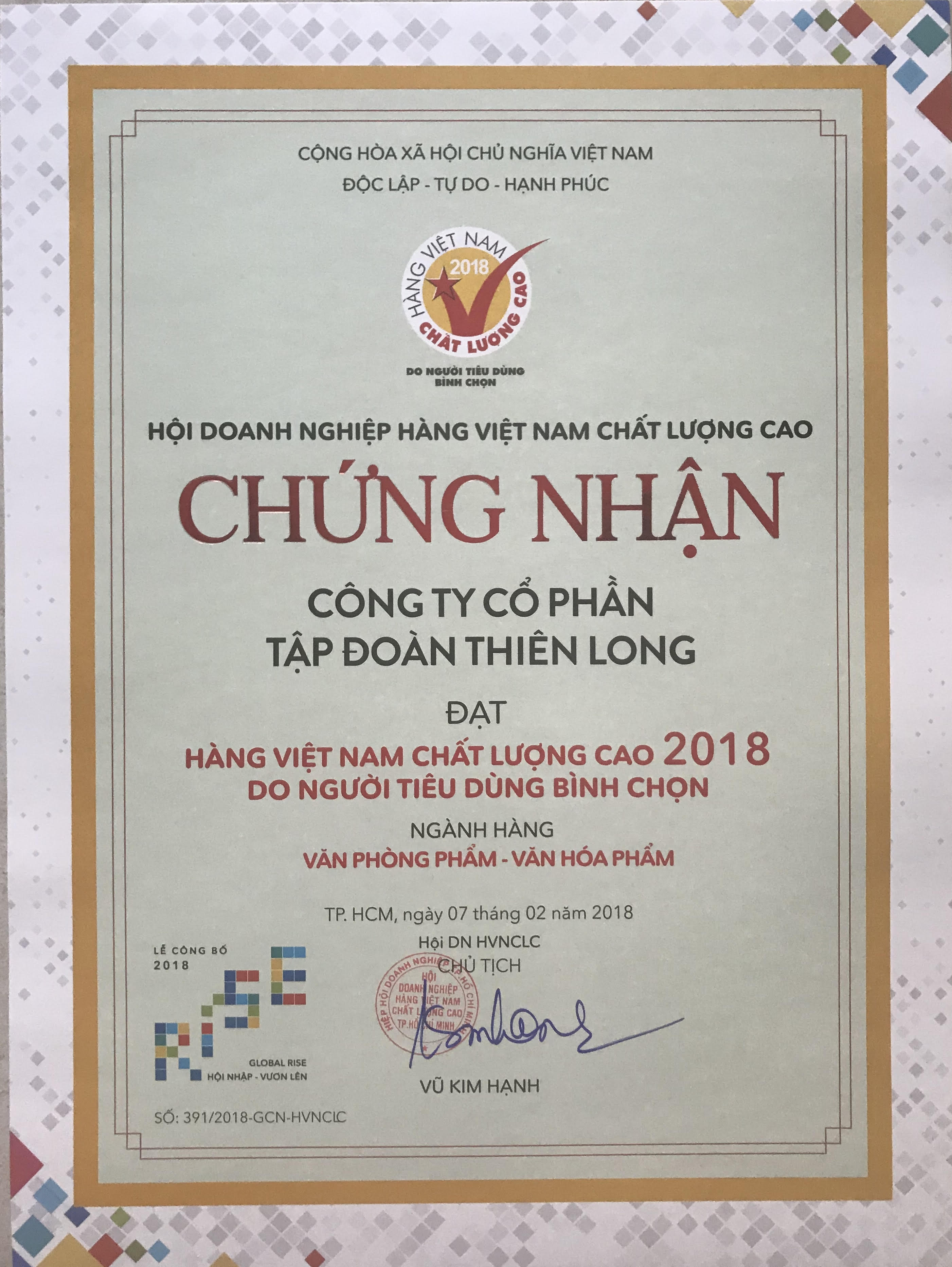 Năm 2018, Thiên Long tiếp tục được người tiêu dùng bình chọn là Hàng Việt Nam chất lượng cao. Thông tin được công bố trong Lễ trao danh hiệu Hàng Việt Nam chất lượng cao năm 2018 do Hội Doanh nghiệp Hàng Việt Nam chất lượng cao tổ chức vào ngày 07/2 tại TP.HCM.
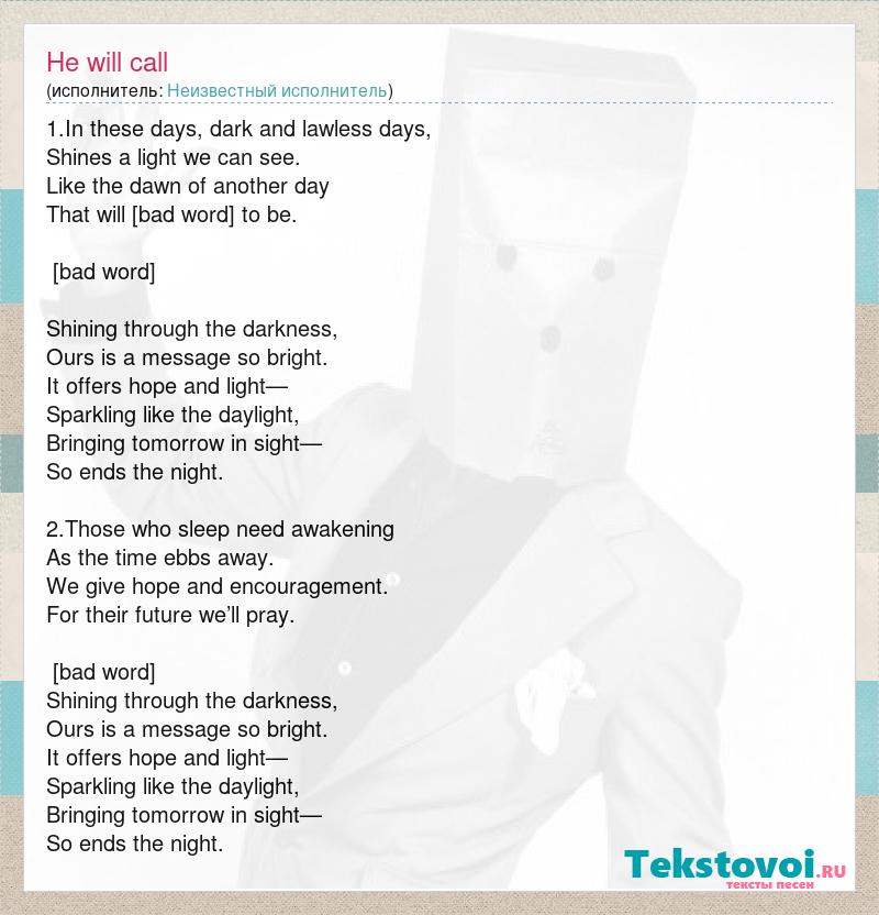 1.In these days, dark and lawless days, Shines a light we can see. Like the dawn of another day That will [bad word] to be. [bad word] Shining through the darkness, Ours is a message so bright. It offers hope and light— Sparkling like the daylight, Bringing tomorrow in sight— So ends the night. 2.Those who sleep need awakening As the time ebbs away. We give hope and encouragement. For their future we’ll pray. [bad word] Shining through the darkness, Ours is a message so bright. It offers hope and light— Sparkling like the daylight, Bringing tomorrow in sight— So ends the night.
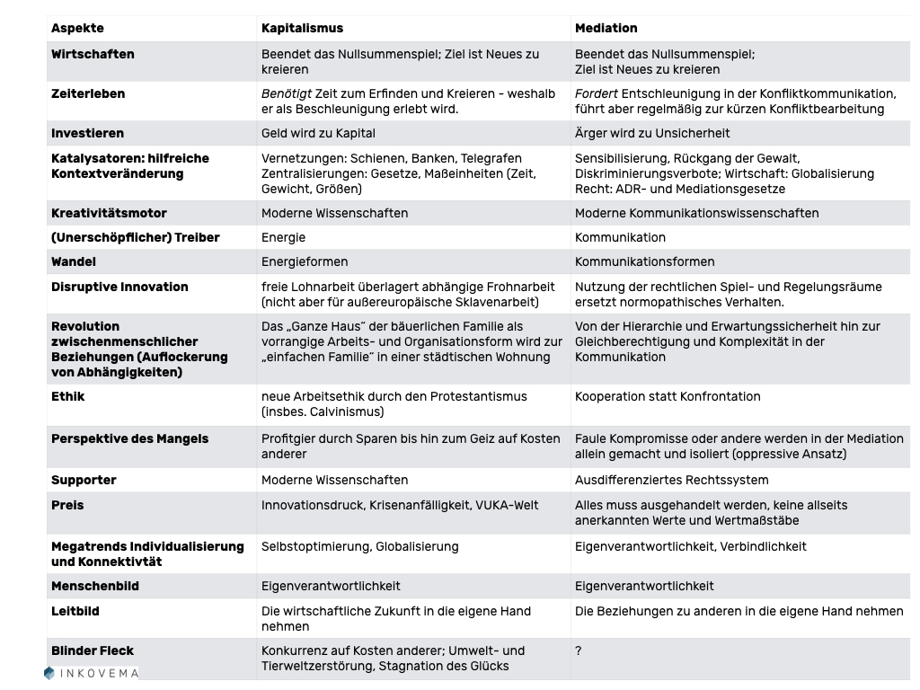 Während der befreiende Charakter positiv erlebt wird, wird dem unterwerfenden, weil machtanhäufenden Charakter der humanistischen Entwicklungsgeschichte weniger Beachtung geschenkt, geschweige denn in das Selbstverständnis der Mediation integriert, obschon das hilfreich wäre. In den Diskussionen[4]um den Einfluss von MediatorInnen zeigt sich diese Ungenauigkeit und Unsicherheit. Dieser zweite Teil des Beitrages[5]gibt der der Perspektive des wirtschaftsrevolutionären Kapitalismus Raum.

--------------------------------------------------

_Your goal:_
Transcribe the listing above exactly, leaving every picture out.

_Task result:_
 Năm 2018, Thiên Long tiếp tục được người tiêu dùng bình chọn là Hàng Việt Nam chất lượng cao. Thông tin được công bố trong Lễ trao danh hiệu Hàng Việt Nam chất lượng cao năm 2018 do Hội Doanh nghiệp Hàng Việt Nam chất lượng cao tổ chức vào ngày 07/2 tại TP.HCM.
 1.In these days, dark and lawless days, Shines a light we can see. Like the dawn of another day That will [bad word] to be. [bad word] Shining through the darkness, Ours is a message so bright. It offers hope and light— Sparkling like the daylight, Bringing tomorrow in sight— So ends the night. 2.Those who sleep need awakening As the time ebbs away. We give hope and encouragement. For their future we’ll pray. [bad word] Shining through the darkness, Ours is a message so bright. It offers hope and light— Sparkling like the daylight, Bringing tomorrow in sight— So ends the night.
 Während der befreiende Charakter positiv erlebt wird, wird dem unterwerfenden, weil machtanhäufenden Charakter der humanistischen Entwicklungsgeschichte weniger Beachtung geschenkt, geschweige denn in das Selbstverständnis der Mediation integriert, obschon das hilfreich wäre. In den Diskussionen[4]um den Einfluss von MediatorInnen zeigt sich diese Ungenauigkeit und Unsicherheit. Dieser zweite Teil des Beitrages[5]gibt der der Perspektive des wirtschaftsrevolutionären Kapitalismus Raum.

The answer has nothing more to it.